_STUDY MATERIAL_
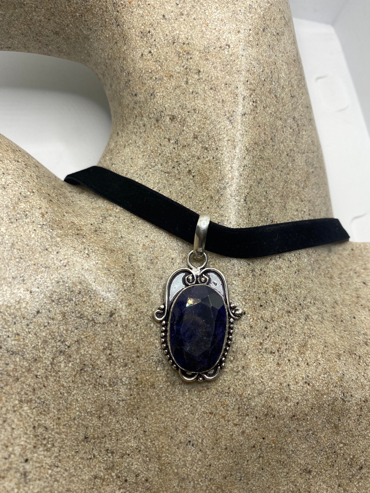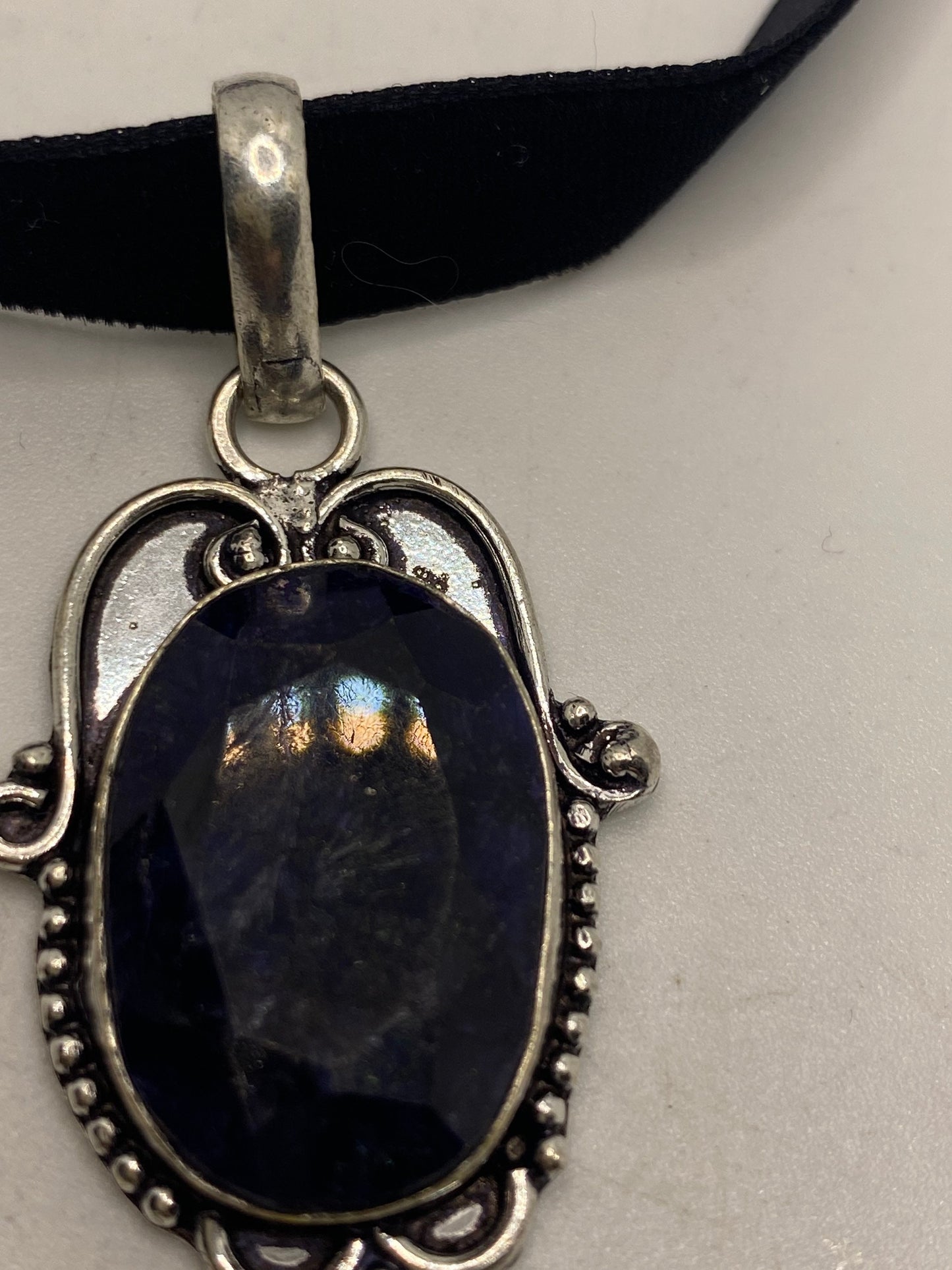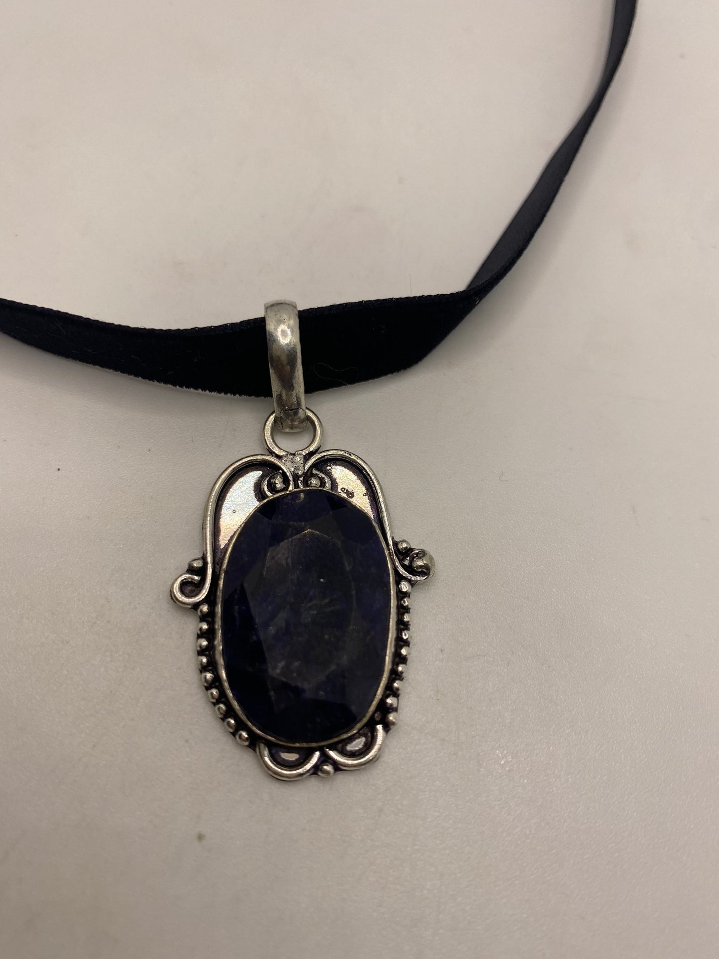 Vintage Cabochon Blue Raw Sapphire Choker Necklace
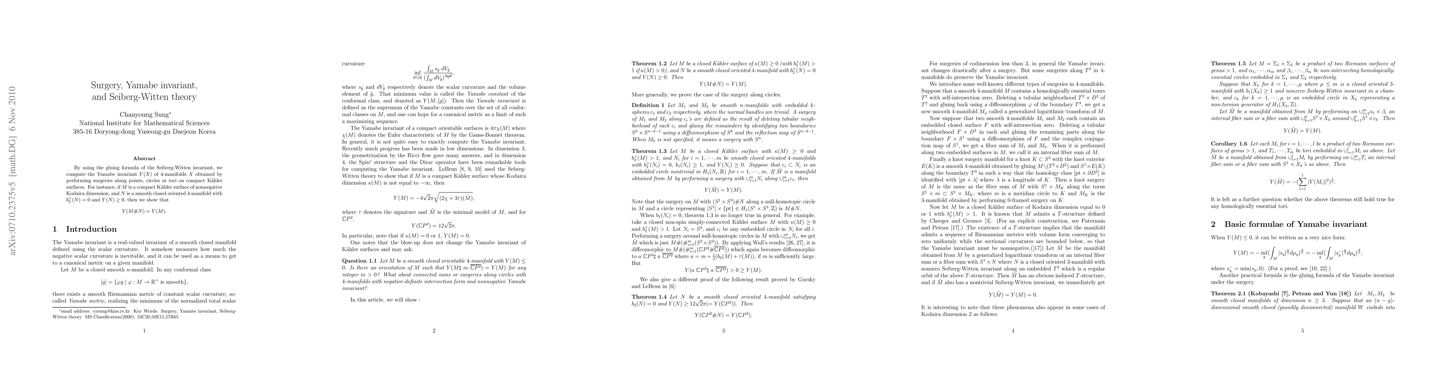 By using the gluing formula of the Seiberg-Witten invariant, we compute the Yamabe invariant Y(X) of 4-manifolds X obtained by performing surgeries along points, circles or tori on compact Kaehler surfaces. For instance, if M is a compact Kaehler surface of nonnegative Kodaira dimension, and N is a smooth closed oriented 4-manifold with b_2^+(N)=0 and Y(N)>= 0, then we show that Y(M # N)=Y(M).
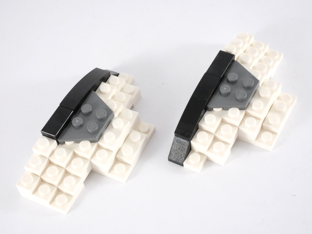 On continue avec le côté gauche, constitué d’un énorme sous-assemblage qui concernera la totalité du 4ème sachet de pièces. Celui-ci est basé sur une plate de 4×12 tenons, qu’on agrémente ensuite avec les capteurs auditifs et les deux conduits latéraux. Ceux-ci sont constitués de slopes décalées les unes par rapport aux autres, il en résulte un effet d’escalier mais il était difficile de faire autrement. Remarquez encore les stickes « plus blanc que blanc » qui représentent les filtres de sortie.
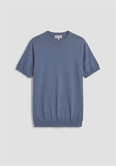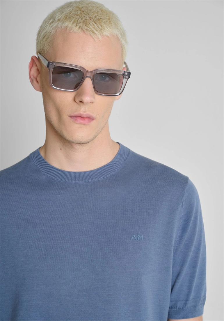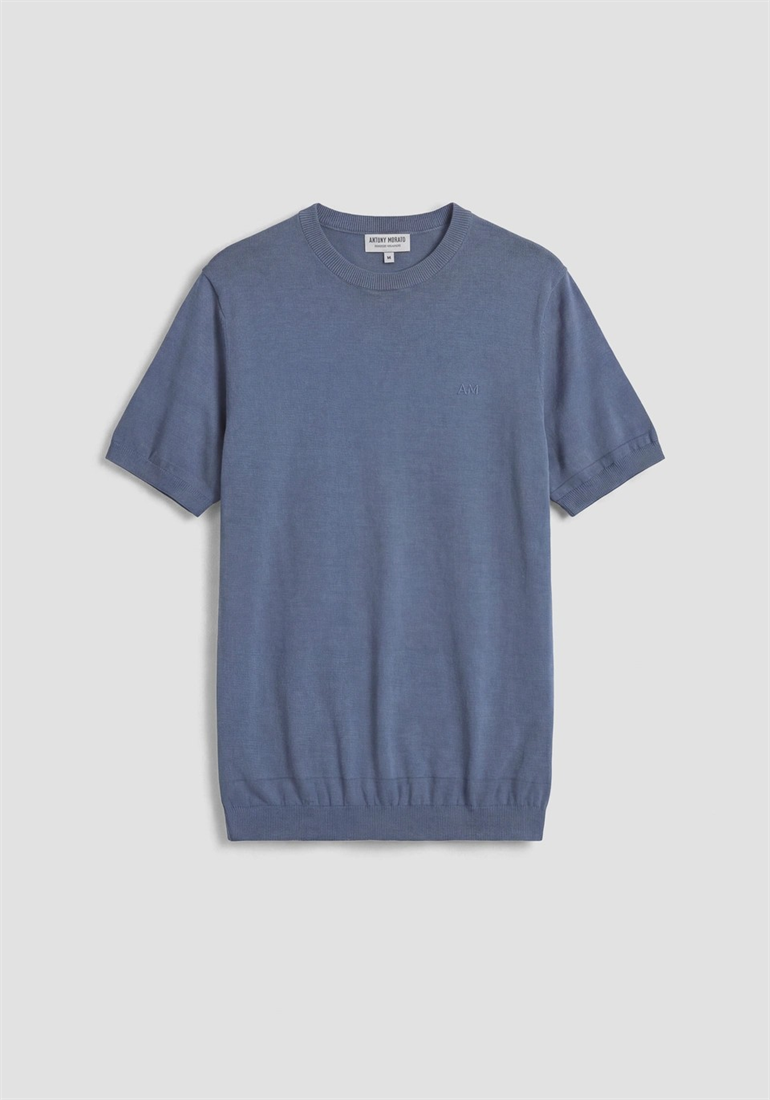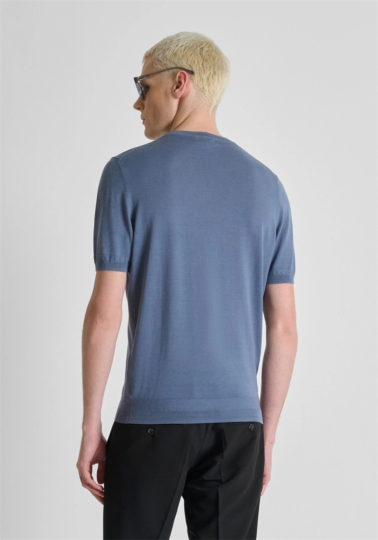 Este jersey de cuello redondo y manga corta, confeccionado en suave tejido de mezcla de algodón de color azul China, presenta una inspiración minimalista. Con su corte regular, es la prenda ideal para acompañarte en tu tiempo libre, fácilmente combinable con los diferentes «looks» «off duty». Completan el jersey el logotipo bordado en el lado del corazón y el punto acanalado en el cuello, el bajo y las mangas.
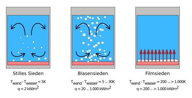 In Abhängigkeit von der Wärmestromdichte, die der siedenden Flüssigkeit über eine Heizfläche zugeführt wird, bilden sich unterschiedliche Formen des Siedens.
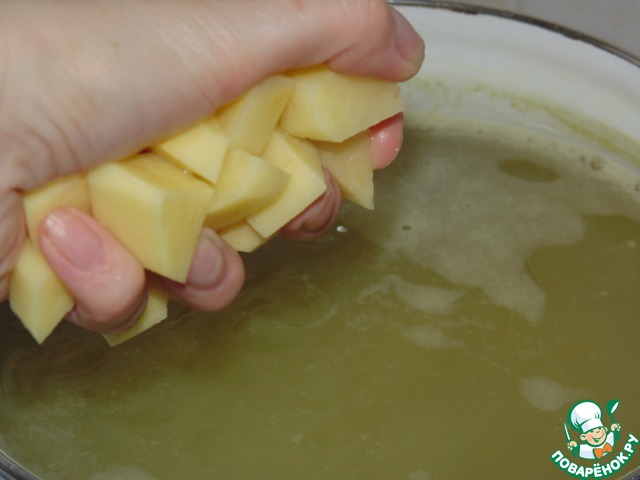 Когда горох начнёт развариваться, посолить и выложить почищенный и нарезанный картофель.
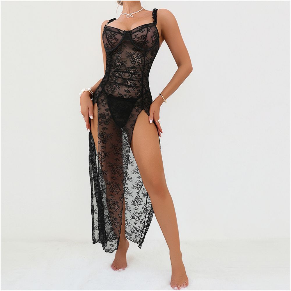 n heads with this stunning black lace see-through maxi dress, designed to highlight your curves with elegance and confidence. Featuring delicate spaghetti straps, a flattering bodycon fit, and a bold high slit, this dress is perfect for nights when you want to feel irresistible.

_EXERCISE BRIEF_
Transcribe only the lines from the line holding "Este jersey de" to the final line of the listing above. Keep them exact, include both ends, and skip the pictures.

_RESULT FOR THIS TASK_
 Este jersey de cuello redondo y manga corta, confeccionado en suave tejido de mezcla de algodón de color azul China, presenta una inspiración minimalista. Con su corte regular, es la prenda ideal para acompañarte en tu tiempo libre, fácilmente combinable con los diferentes «looks» «off duty». Completan el jersey el logotipo bordado en el lado del corazón y el punto acanalado en el cuello, el bajo y las mangas.
 In Abhängigkeit von der Wärmestromdichte, die der siedenden Flüssigkeit über eine Heizfläche zugeführt wird, bilden sich unterschiedliche Formen des Siedens.
 Когда горох начнёт развариваться, посолить и выложить почищенный и нарезанный картофель.
 n heads with this stunning black lace see-through maxi dress, designed to highlight your curves with elegance and confidence. Featuring delicate spaghetti straps, a flattering bodycon fit, and a bold high slit, this dress is perfect for nights when you want to feel irresistible.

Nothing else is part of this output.